Modeling of ontology using terminologies defined by detection assays.
Cohort specificity.
We introduced cohorts as the most granular database object relating to trials and allowed one trial to be linked to multiple independent cohorts via a one-to-many relationship from trials to cohorts.
Annotation interface.
Because trial matching has the potential to affect clinical outcomes, we elected to require manual review of some key trial information that cannot be automatically aggregated. We developed a Web-based annotation interface that allows curators to enter these data. The computationally aggregated fields are not manually reviewed but are displayed by the interface. We developed this interface using the Java software development kit (Oracle), employing HTML5, JavaScript, and Angular in the front end and Oracle in the database back end.
Leverage drug-gene associations for trials.

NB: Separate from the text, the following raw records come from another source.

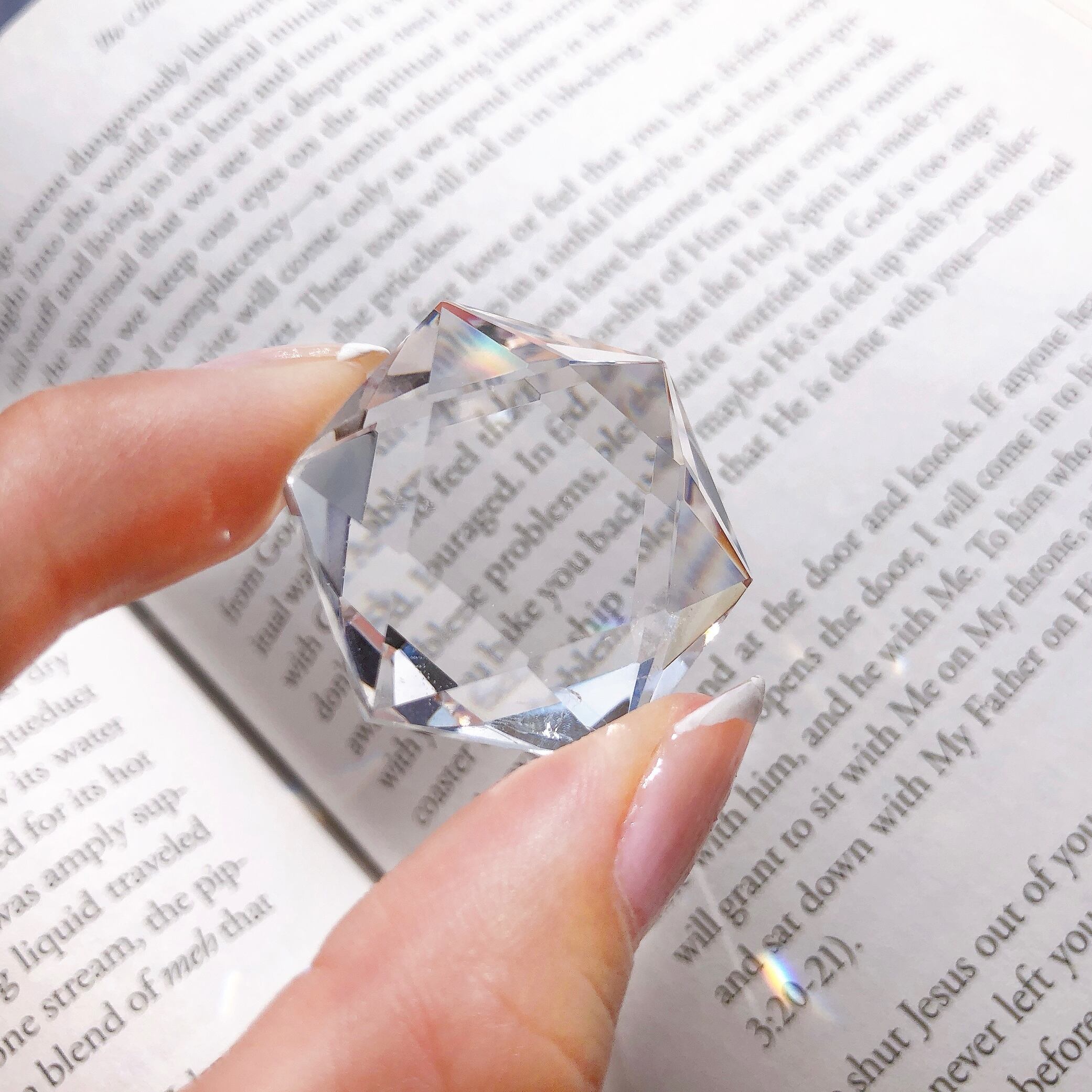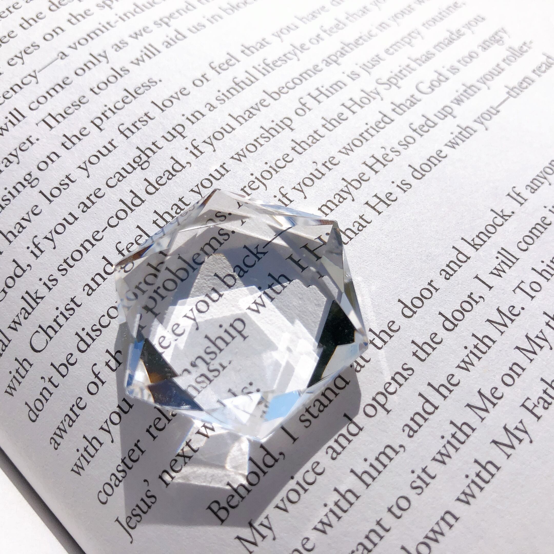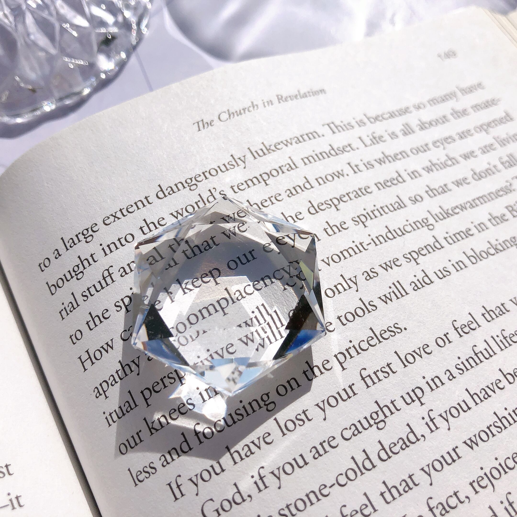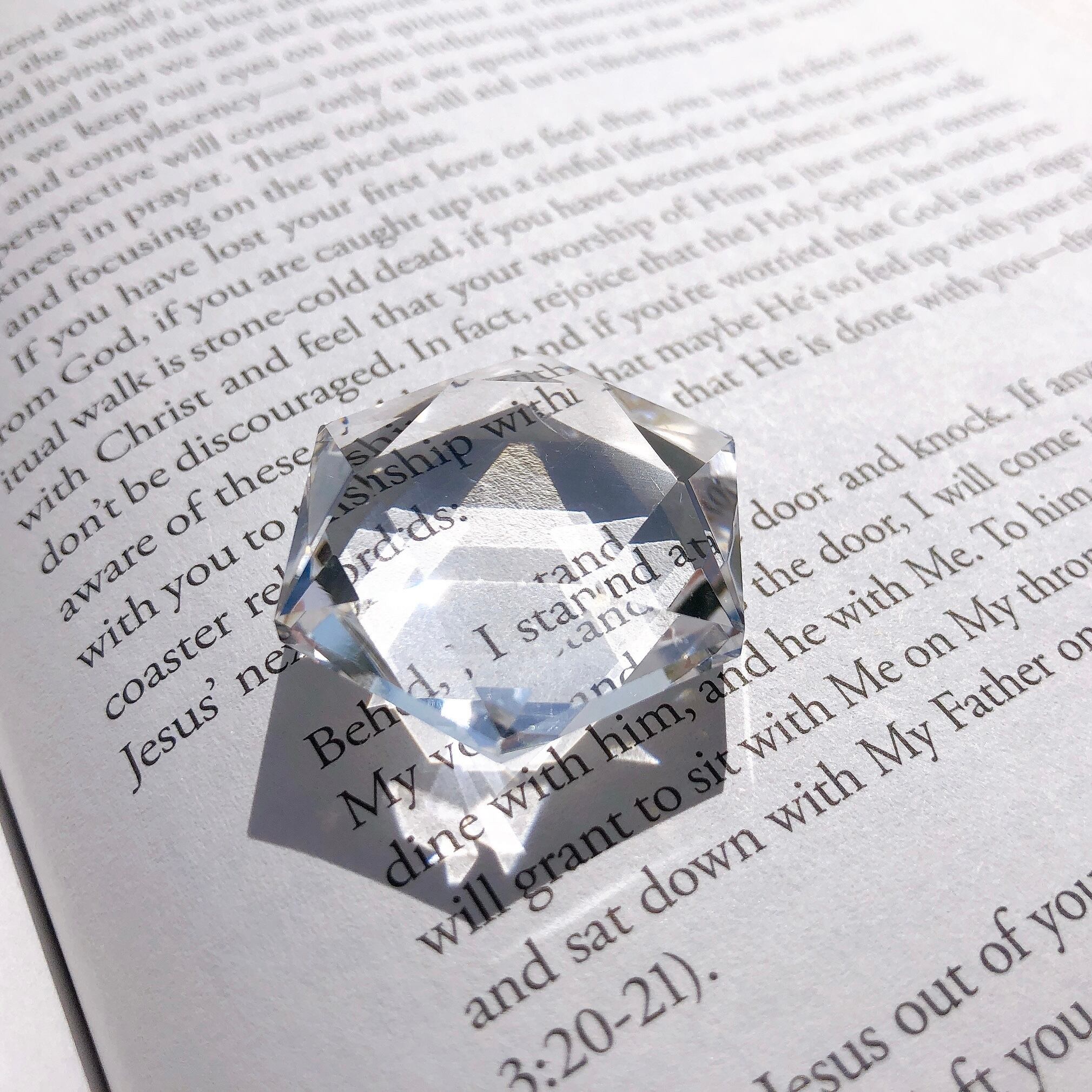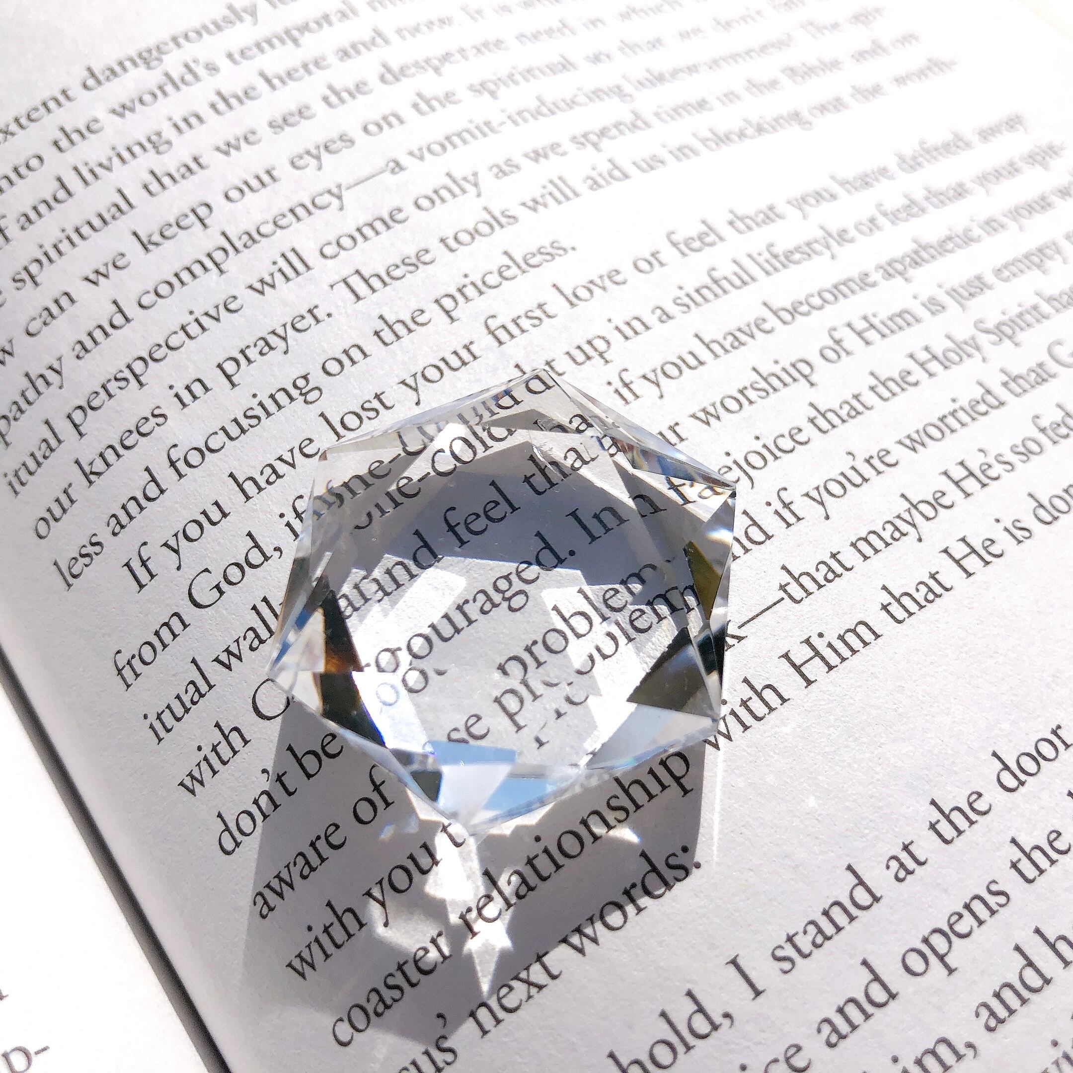水のように澄んだ、透明度の非常に高いクリアクォーツ。ヘキサグラム・六芒星にジェムカットが施されています。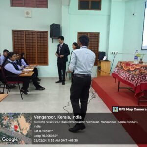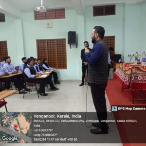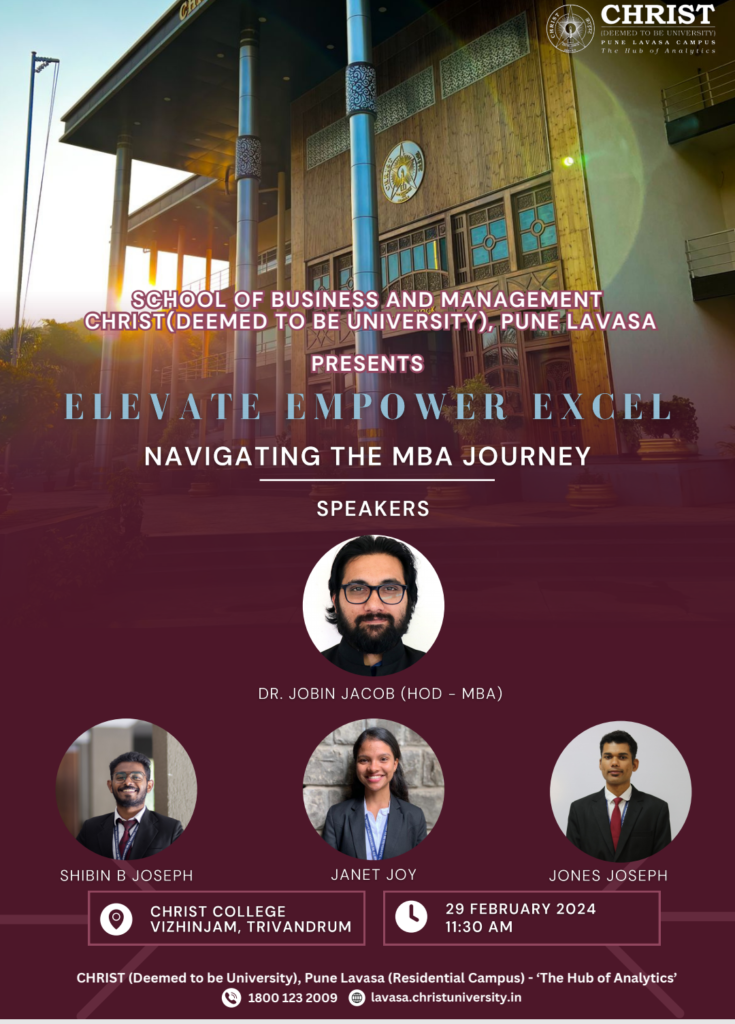 The Department of Management Studies, Christ (Deemed to be University), Pune, conduct a seminar on the prospects of the MBA program on Thursday the 29th of February 2024. The Resource person who gave an orientation to the students was Mr Jobin Jacob , the Head of the department for MBA program in Christ (Deemed to be University) Pune. Three students from Christ University accompanied him (Mr Shibin B Joseph, (Student – First Year MBA),Janet Joy, (Student – Second Year MBA),Mr. Jones Joseph (Student – Second Year MBA)). The session was attended by 41 students of Second Semester BBA and 29 students of fourth semester BBA.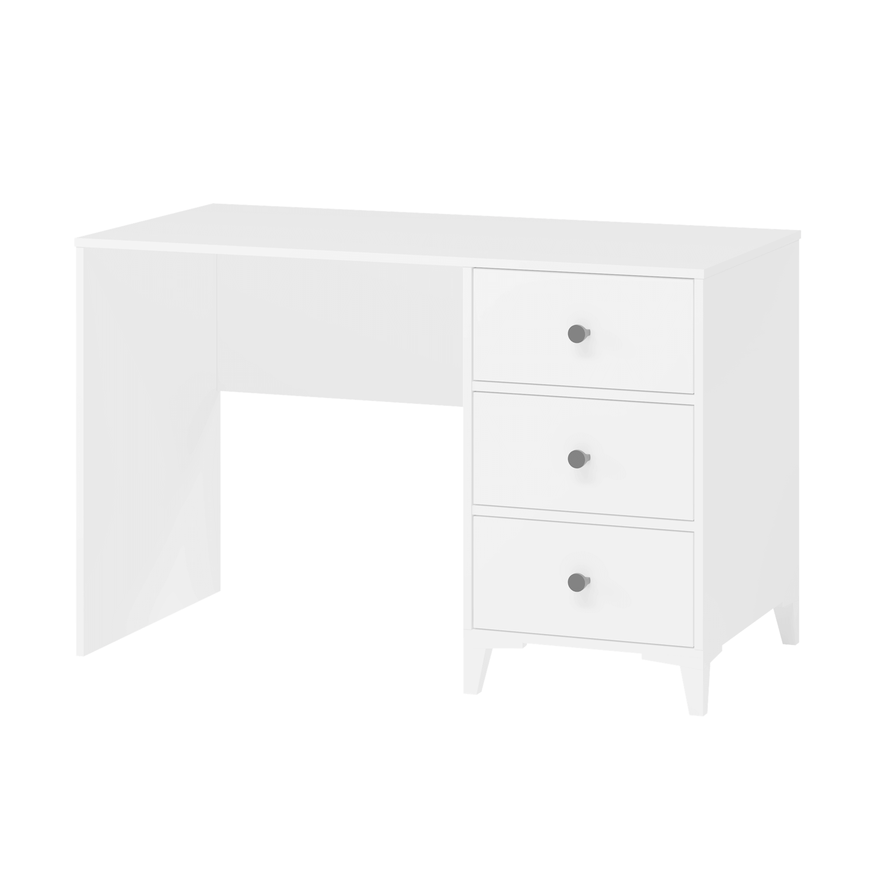 В стол встроены три выдвижных ящика на направляющих скрытого монтажа с доводчиками.

Several databases exist that correlate drugs with genes, such as DrugBank, Therapeutic Target Database, or Drug Gene Interaction database (DGIdb).19-21 We reviewed these databases and felt that the quality of the drug-gene association data was not sufficient to be used in clinical decision making. Therefore, we developed an in-house drug database that enables our team of expert curators and domain experts, including clinicians with expertise in precision oncology and scientists with expertise in molecular oncology, to manually review drugs and, based upon literature evidence, identify their direct or indirect gene targets, which are tagged with the drugs. With our drug-gene association approach, our trial retrieval is not limited to genotype-selected trials searching for patients with specific genomic alterations. Instead, it allows us to identify genotype-relevant trials (ie, trials that may be an appropriate match for the patient, given the relevant targets of the drug used, but the trial does not have explicit inclusion criteria for a matching molecular alteration). For example, this would allow us to match patients with HER2 amplification to trials with human epidermal growth factor receptor 2 inhibitors where HER2 amplification is not an eligibility requirement or trials using agents targeting downstream signaling, such as matching patients with BRAF fusion or NRAS mutation with MEK/Erk inhibitors that target downstream signaling. Whenever a drug is used in a cohort, the genes targeted by that drug are automatically linked to the cohort, provided that the genes themselves are considered therapeutically targetable.2
Update Module
Because eligibility criteria may change over the life of a clinical trial, it is essential to promptly update the existing annotation when a relevant protocol changes. Although the data aggregation module is capable of recalling the latest version of the data that is automatically ingested from the data sources, for the manually annotated content, completing an update is a labor-intensive task. The update module of OCTANE leverages NLP to monitor the change logs daily and alerts annotators when changes are identified. A public-facing interface of this module is made available via https://pct.mdanderson.org/octane (details provided in “Implementing OCTANE at Other Institutions”).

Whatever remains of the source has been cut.